Get off my lawn.

Tuesday, October 31, 2006

viva la rsync

I've had automated backup processes running on my Linux boxen for a few years now. Being a developer with a fondness for automated processes that work hard while I'm asleep, I reasoned that the best way to back up a machine automatically was to write a script that's smart about how it does things, and just let it take care of itself. It worked pretty well, saving my bacon a few times.

My backup routine was thus written as a shell script that would make a list of all the files in each user's home directory, omitting files in directories listed in an "exclusion list" file for each user. Then it would zip all of the files in the list into a zip file named after the user, machine, and the current date. Each night when it ran, it would remove any backups more than 3 days old.
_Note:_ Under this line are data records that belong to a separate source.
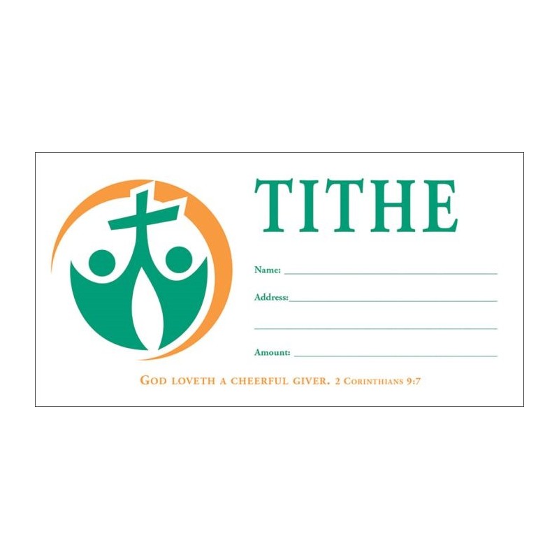This value-priced offering envelope shows an image of a church and words "Tithe" along with scripture, God Loveth A Cheerful Giver, 2 Corinthians 9:7 (KJV). Offering envelopes arrive shrink-wrapped in a package of 100's (6.5"x3.5"). Includes lines for name, address, and the amount enclosed on front.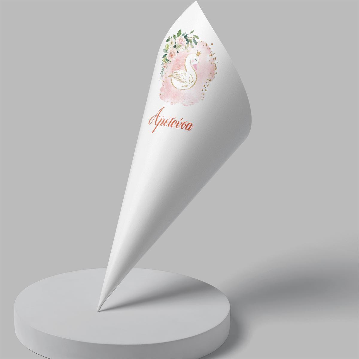 Χωνάκια ζαχαρωτών Κύκνος με λουλούδια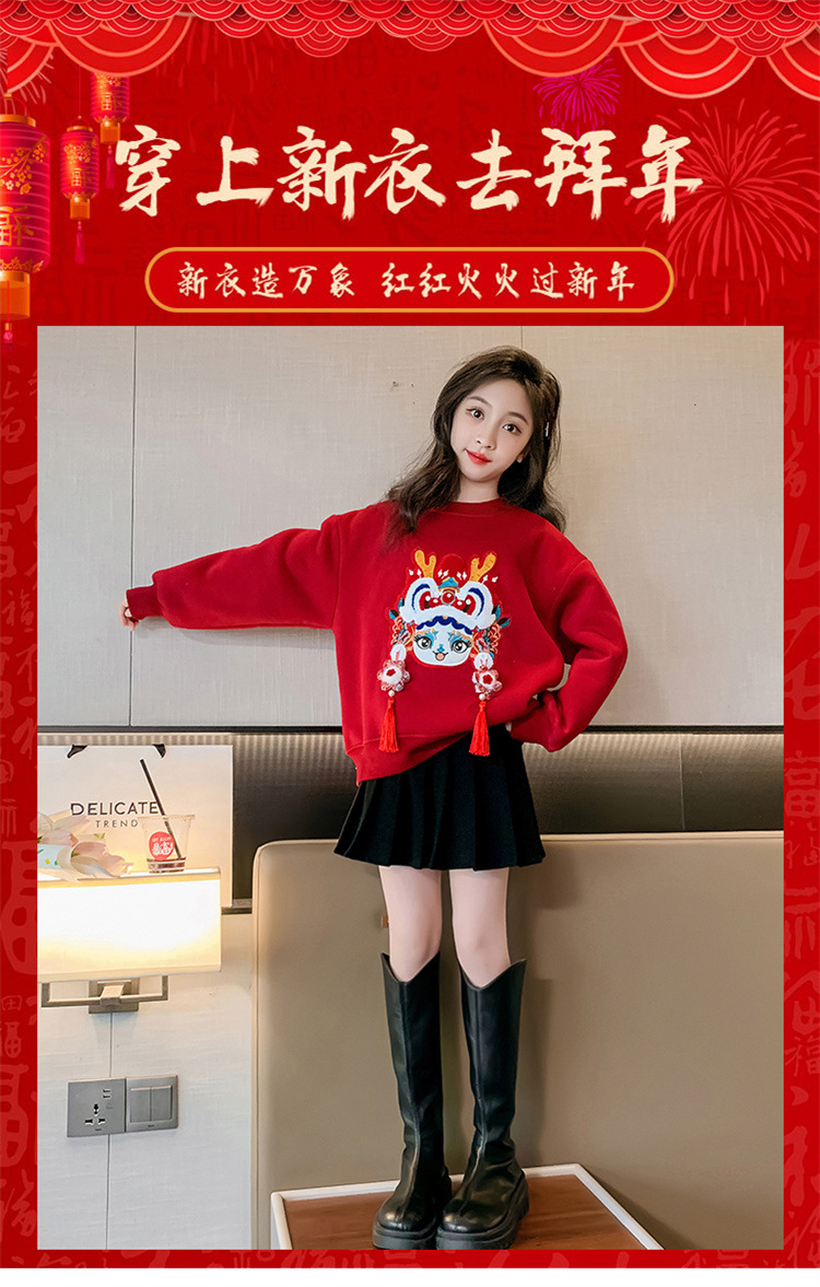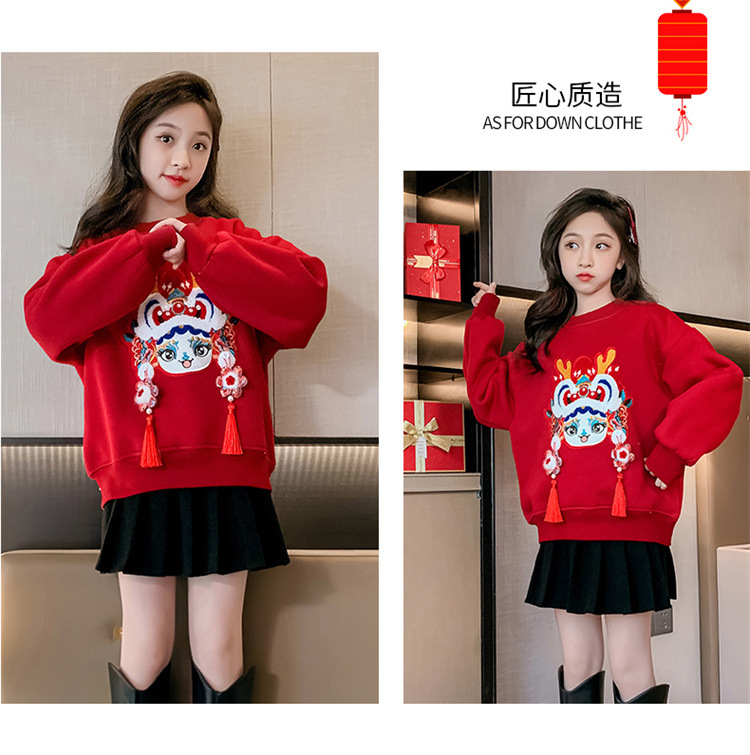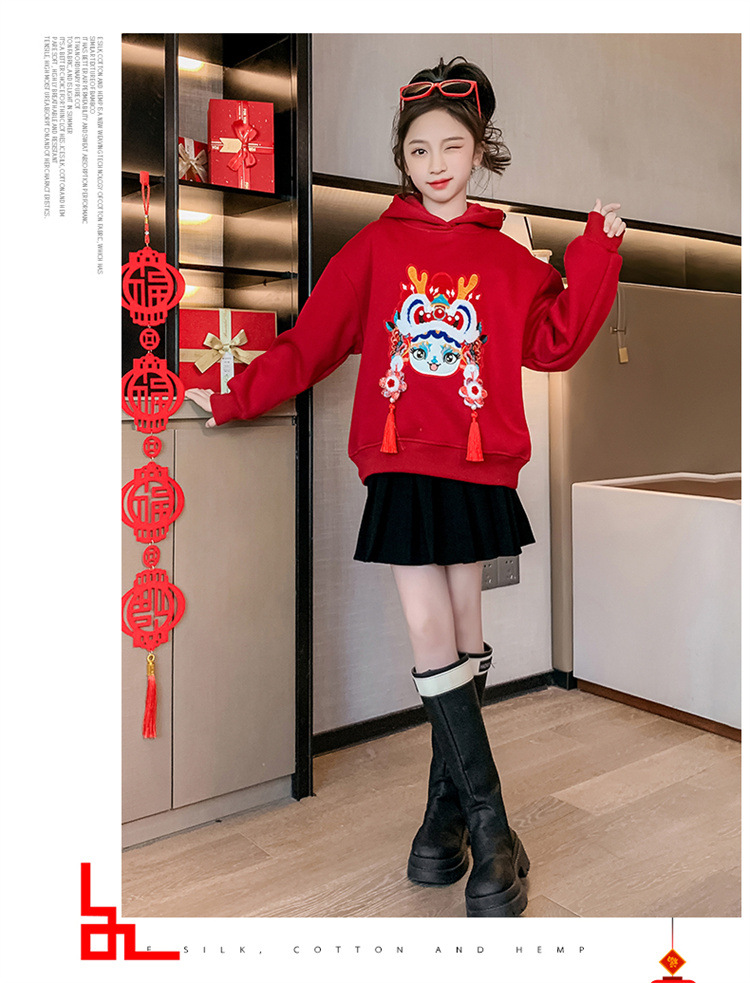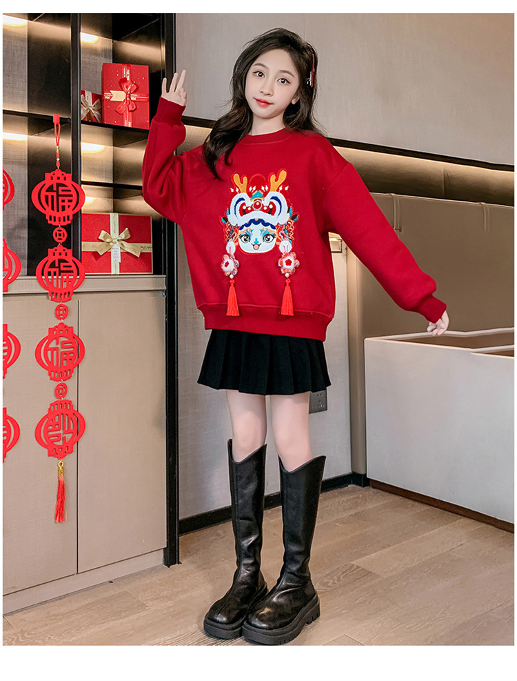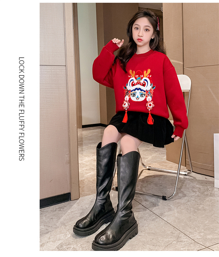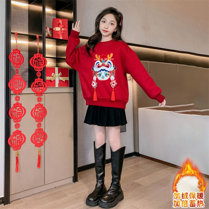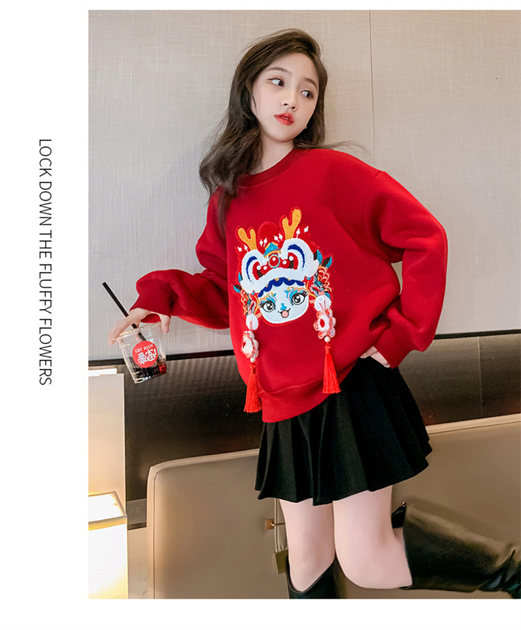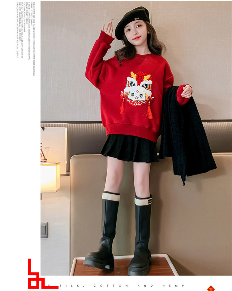 수놓은 소녀의 기모 땀 겨울 코트 축제 새해 붉은 크루 넥 땀 12 세 소녀 생활 년 옷 겨울스토어 가기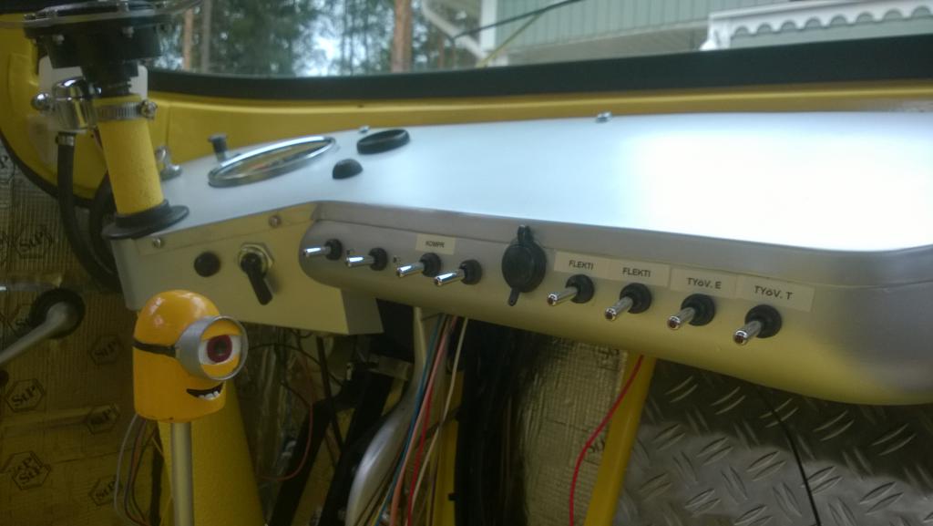 Hyvin hiljaa etenee mutta kuitenkin. Kattokonsolin kaikki napit ja sähköt olis paikoillaan ja kytkettynä. Eli kiertovesipumppu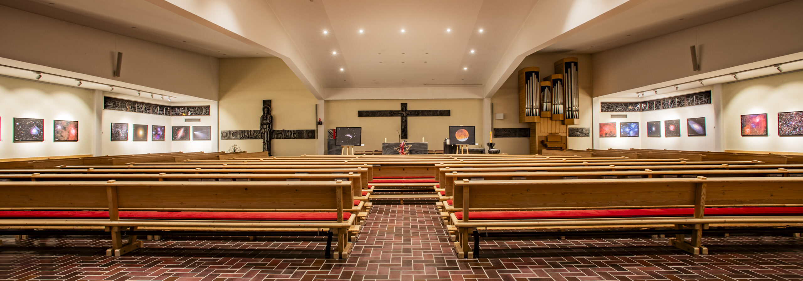 Die Innenausstattung der Kirche entwarf Prof. Robert Herfert. 1994 ergänzte Prof. Manfred Seibt den Kirchenraum durch einen modernen Kreuzweg (Acryl auf Karton).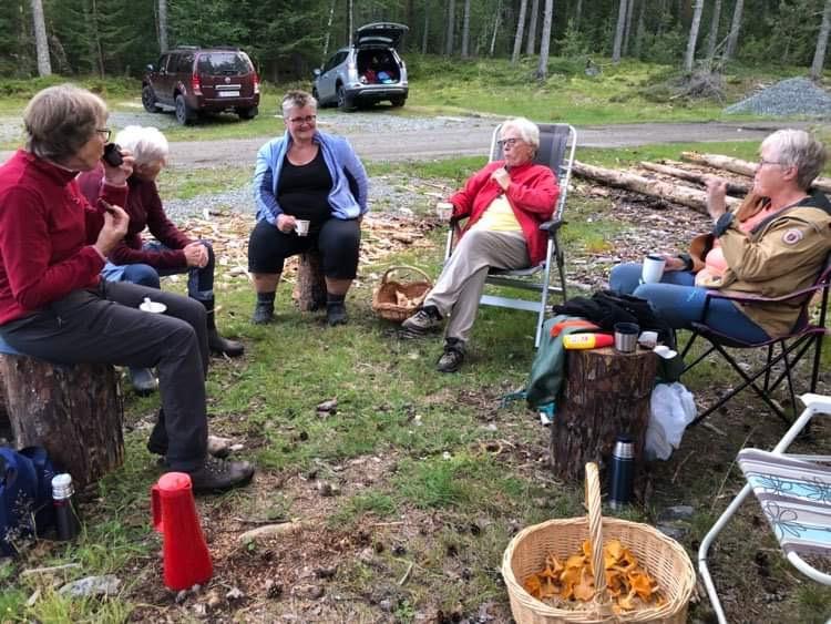 Dagen ble avsluttet med kaffe og kake som Britt hadde med og en god prat før alle dro hver til sitt med sopp!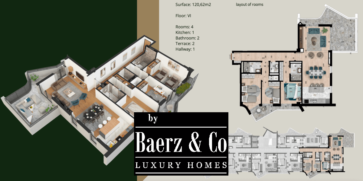 ware, first-class oak flooring, high quality wall paints, video surveillance intercom, alarm system, as well as split-system air conditioning. The building stands as a timeless sculptural work of art, perfectly located in the harmonic place and with an extensive planning process and design in every cubic millimeter of space, to meet the needs of every tenant and make him feel comfortable every day in his new home. The building is dressed in a high-quality demit facade, metal fences on the terraces and the highest quality materials on the market. The harmonious variations of colors and materials create a recognizable identity.

It worked fine, except for some problems:

First of all, if I had it back up more than 2GB of data, it would fail. Because the "zip" program uses 32-bit file pointers, it can't address a file bigger than the max value of a 32-bit integer, roughly 2GB. So I was always thinking of ways to prevent the backups from being "too big". Every time I copied a file around, the possibility that it could hose up my backup was something I thought about. Lame!

Second, the process itself was resource-intensive. Creating a gigantic zip file on a machine with a 1GB of memory puts everything in RAM into swap. So in the morning, I'd wiggle the mouse to bring up the desktop, and wait... and wait... and... wait... while the machine thrashed around swapped its consciousness back into RAM. Sometimes, I'd find that the zip program was still running, 3 hours after the backup was scheduled to run. Lame!

I finally got sick enough of these annoyances to do something about it, so I tried out rsync, the "standard" way of backing up Unix boxes. It's purpose-built to copy large numbers of files and sync directories. I used it to create mirrors of the backed-up directories on a removable USB drive. After the initial sync, subsequent rsync runs only back up changed or added files.

Additionally, you can use hidden .rsync-filter files to control how files get backed up. You can omit certain types of files, files with specific names, directory trees, and so on. You can sprinkle these files all over the place and rsync will read them wherever they are and follow the rules they describe.

So now I'm using rsync. I'm backing up over 60GB of files, the process typically takes approx. 20 seconds for each machine, and the resource load is so low it's not even noticeable. If it was a product you could buy, I would recommend buying it, but since it's free, I guess I can't. There's always a downside, I guess.